Vous avez tout à fait raison, c’est un point important du débat.

L’État-nation est une notion occidentale et on se trouve immédiatement replacé dans cette perspective subjectiviste qui nous conduit à nous demander quel est le degré d’allégeance, de reconnaissance de légitimité que les populations du Sud accordent à l’État-nation tel qu’il a été importé chez eux. C’est un énorme débat. On peut faire tout un colloque là-dessus.

Cela me permet de dire quelque chose qui a été laissé de côté dans les trois interventions et d’abord de la mienne, j’en suis le premier coupable : la notion de Sud est également très fortement portée par les sociétés du Sud. Il ne faut pas se limiter à une lecture politique – je ne dirai jamais « géopolitique » – et surtout ne pas se laisser piéger par cet enfermement politique de la notion de Sud.

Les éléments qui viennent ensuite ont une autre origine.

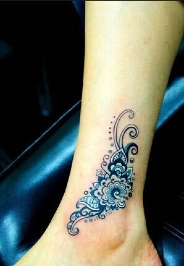 脚部漂亮的花朵纹身图案_腿部纹身图案大全_纹身图吧
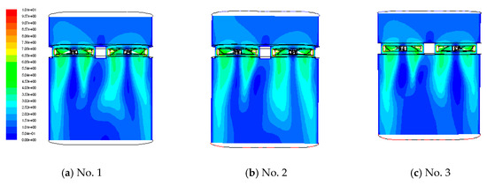 The results of numerical simulation make it easy to understand the aerodynamic characteristics and the flow field of fans, which serve as the foundation for further investigation, analysis, and improvement. The contours of pressure, as shown in Figure 8, allow us to better understand the influence of pressure on the entire system in the flow field being analyzed as well as the velocity distribution of the fluid at the centerline section.

Quelques exemples : durant la coupe du monde de football, les drapeaux palestiniens brandis par les supporters du Sud … sont quelque chose de tout à fait extraordinaire. Voyant passer un petit cortège de gilets jaunes sur le boulevard de Grenelle j’aperçus une dame, manifestement modeste de sa condition, qui portait un drapeau palestinien. « De ce que j’en ai compris, ces gens-là souffrent aussi, comme nous » répondit-elle alors que je l’interrogeais. Cette réponse me semble très évocatrice de ce qu’est le monde aujourd’hui. Cette communauté de souffrance est quelque chose qui se réveille, qui grimpe, qui fédère, qui crée une coalescence d’identification. À tel point que je suis persuadé qu’en relations internationales l’identification devient un concept clé, décrivant la manière dont l’autre s’identifie à une cause qui lui est extérieure. C’est un mystérieux mécanisme, très long et complexe à définir, mais qui décide en bonne partie du sort des grands conflits. Ainsi, la grande inconnue dans le conflit israélo-palestinien tient au degré d’identification à ce conflit qui sera partagé par les Palestiniens eux-mêmes, l’opinion publique arabe, l’opinion publique musulmane et l’opinion publique mondiale. C’est un des facteurs essentiels configurant l’avenir de ce conflit. L’État-nation est ici réactif, là où les sociétés sont de plus en plus proactives. Et je pense que la florescence du concept de Sud et la critique portée à la notion d’Occident ont des racines beaucoup plus sociales que politiques.

Marie-Françoise Bechtel

Vous avez raison, bien sûr, de réintroduire la notion de société porteuse de l’État. Sous la forme dont nous en parlons, l’État-nation est occidental. Mais que faites-vous du grand État chinois et de l’État égyptien millénaire !

Bertrand Badie

Il s’agissait alors d’un empire, non pas d’un État.

Marie-Françoise Bechtel

C’est un État. Le mandarinat chinois est un État vertical, comme dirait notre ami Stéphane Rozès ici présent. Pour ce qui est de l’Égypte, c’est pratiquement le plus vieil État du monde. Donc vous ne pouvez pas dire qu’un ensemble de populations dans le monde entier ne savent pas ce qu’est l’État, ne savent pas ce qu’est la verticalité et ne s’identifient pas à ça.

Bertrand Badie

Je n’ai pas dit ça du tout. J’ai dit qu’avec la décolonisation on a construit, importé un État (certains de mes collègues professeurs de fac se sont fait des fortunes à écrire les constitutions des pays du Sud !) et ainsi la boucle de la reproduction était bouclée… Ce fut la première équivoque.

Jean de Gliniasty

À cet égard je fais remarquer qu’écrire « État de droit » avec un é majuscule révèle une vision française où la sécurité juridique est associée à l’État. Mais ce n’est pas le cas partout, le mot anglais, Rule of law, évoque un respect du droit indépendant de l’État. Il nous faut veiller à ne pas avoir une lecture strictement hexagonale de l’État-nation. Si pour nous l’État est très important ce qui importe pour beaucoup de pays c’est que la loi soit appliquée et respectée partout indépendamment des structures politiques et quelle que soit la collectivité dans laquelle ce respect du droit s’exerce.

Marie-Françoise Bechtel

Je vois que votre remarque suscite le chaud assentiment d’Anne-Marie Le Pourhiet qui nous a expliqué cela elle-même à l’occasion d’un séminaire sur l’Europe et l’État de droit [1] que nous avions organisé l’an dernier.

Dans la salle

Vos interventions ont porté davantage sur l’Occident que sur les États de l’Occident global en tant qu’États.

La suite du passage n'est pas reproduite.